7. Exercise answers

[other answers are possible]In this section answers to some of the exercises in the book are provided. The exercises themselves appear at the end of Chapters 1 to 6. Exercises give one the opportunity both to apply, and also to advance one's knowledge. The exercises in this book are intended to provoke thoughtto complete some of them requires a major mental effort. In no case is the answer given here the only correct answer. Answers by readers should, in general, be more detailed and show other avenues of approach.

7.1 Microtext answers

[layout]Answer "Layout": Part of the difficulty in answering this question is that standards for hypertext are lacking.

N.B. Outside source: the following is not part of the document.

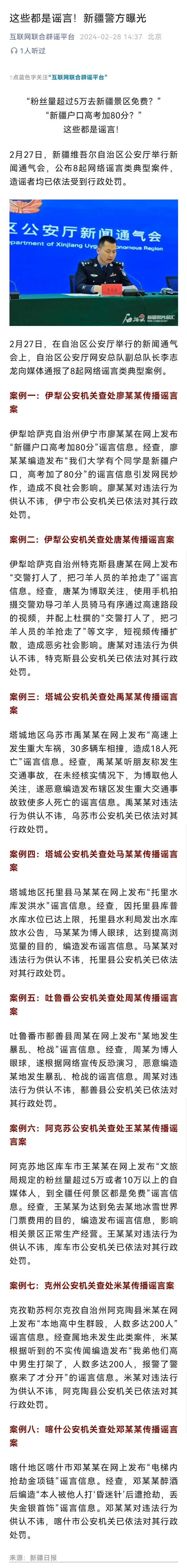 详情:2月27日,新疆维吾尔自治区公安厅举行新闻通气会,公布8起网络谣言类典型案件,造谣者均已依法受到行政处罚。案例一:伊犁公安机关查处廖某某传播谣言案案例二:伊犁公安机关查处唐某传播谣言案案例三:塔城公安机关查处禹某某传播谣言案案例四:塔城公安机关查处马某某传播谣言案案例五:吐鲁番公安机关查处周某传播谣言案案例六:阿克苏公安机关查处王某某传播谣言案案例七:克州公安机关查处米某传播谣言案案例八:喀什公安机关查处邓某某传播谣言案网络空间是公共场所,不是法外之地,公安机关提醒广大网民自觉遵守法律法规,不编造、传播未经证实的信息,共同维护健康有序的网络环境。同时欢迎广大网民积极举报网络谣言等违法犯罪线索与网上违法违规行为,携手共建清朗网络家园。(来源:新疆日报)

If one assumes that a Guide-like hypertext is the target, then one answer to the question might be that the Language or Architecture would need added to it: an outline facility for displaying selected levels of the outline, pop-up displays for the temporary display of additional information, folding to hide sections behind a button, and a linkage facility to enable users to follow links automatically.

[independent versus embedded]Answer "Independent versus Embedded": If the author of the independent semantic net microtext assures that the term to label a node also occurs exactly once within the associated text block, then translation from the independent-net representation to the embedded-net representation is straightforward. In the translation of independent to embedded, the node is simply shown within the text itself, rather than independently. In general, an embedded semantic net microtext can not be translated automatically into a meaningful independent semantic net microtext.

[natural language]Answer "Natural Language": A system relying upon device-dependent syntactic knowledge needs to be regularly used to prevent that knowledge from fading from memory. An infrequent user would prefer to converse in a method that is stable in memory; such a method would involve semantics rather than syntactics. Natural language interaction is the semantically richest interaction style for people.

[museum layout]Answer "Museum Layout": To find a certain guidebook in a museum one might follow these steps: look at the map of the museum and find the visitor information desk, move to the visitor information store using the mouse and directional commands, select the guidebook section, from the menu of available guidebooks choose one.

[visual formalisms]Answer "Visual Formalisms": In the traditional layout the child x of y appears beneath y and to the right of y. An alternative layout would place children within their parent (see Figure "Visualization determined by Relationships").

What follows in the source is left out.